In [ ]:
from sympy import *
init_printing(use_latex='mathjax')
n, m = symbols('n,m', integer=True)
x, y, z = symbols('x,y,z')

Integrals

In the last section we learned symbolic differentiation with .diff. Here we'll cover symbolic integration with integrate.
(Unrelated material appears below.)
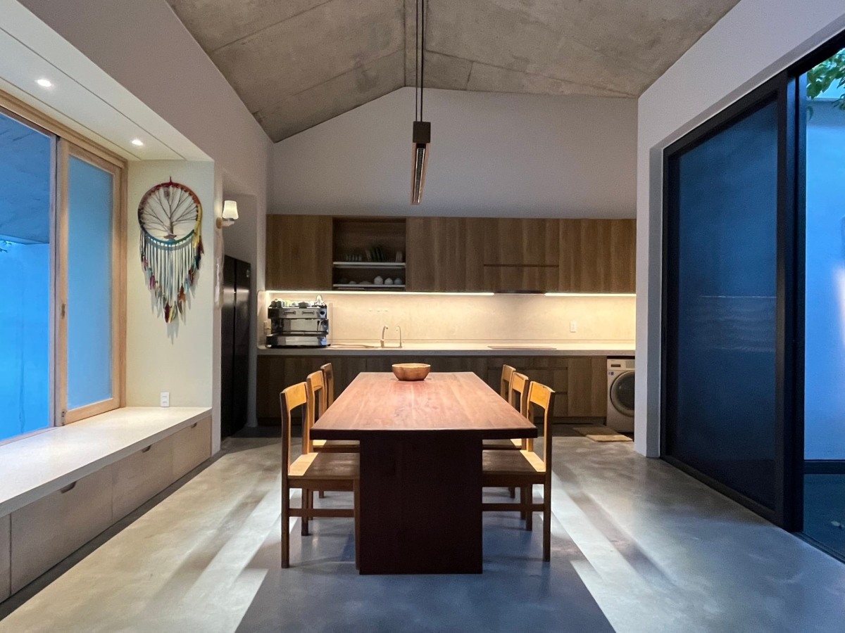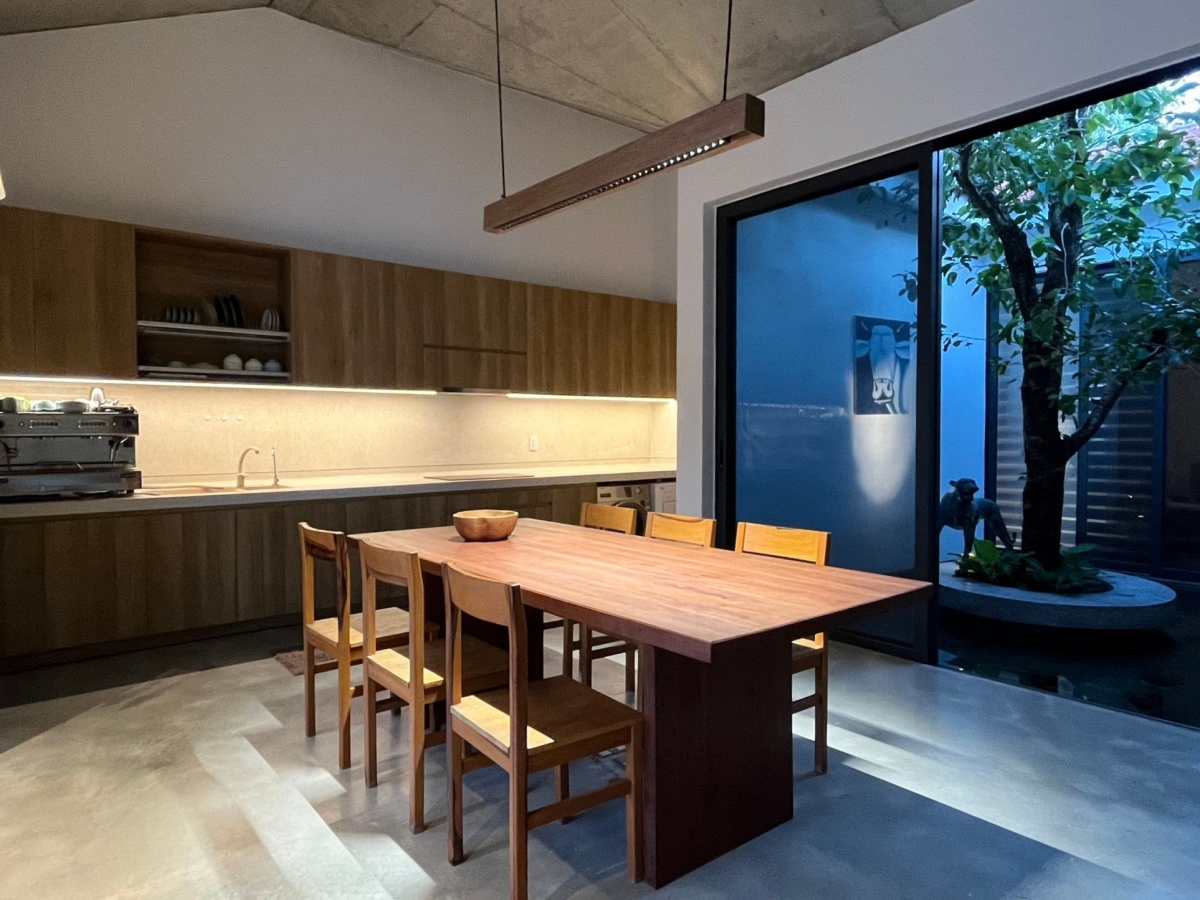 Bếp - phòng ăn được coi như không gian đa năng, đáp ứng các nhu cầu ăn uống, chuyện trò, đọc sách, nhâm nhi tách trà.

Here is how we write the indefinite integral

$$ \int x^2 dx = \frac{x^3}{3}$$
In [ ]:
# Indefinite integral
integrate(x**2, x)

And the definite integral

$$ \int_0^3 x^2 dx = \left.\frac{x^3}{3} \right|_0^3 = \frac{3^3}{3} - \frac{0^3}{3} = 9 $$
In [ ]:
# Definite integral
integrate(x**2, (x, 0, 3))

As always, because we're using symbolics, we could use a symbol whenever we previously used a number

$$ \int_y^z x^n dx $$
In [ ]:
integrate(x**n, (x, y, z))

Exercise

Compute the following integrals:

$$ \int \sin(x) dx $$$$ \int_0^{\pi} \sin(x) dx $$$$ \int_0^y x^5 + 12x^3 - 2x + 1 $$$$ \int e^{\frac{(x - \mu)^2}{\sigma^2}} $$

Feel free to play with various parameters and settings and see how the results change.

In [ ]:
# Use `integrate` to solve the integrals above

Are there some integrals that SymPy can't do? Find some.

In [ ]:
# Use `integrate` on other equations.  Symbolic integration has it limits, find them.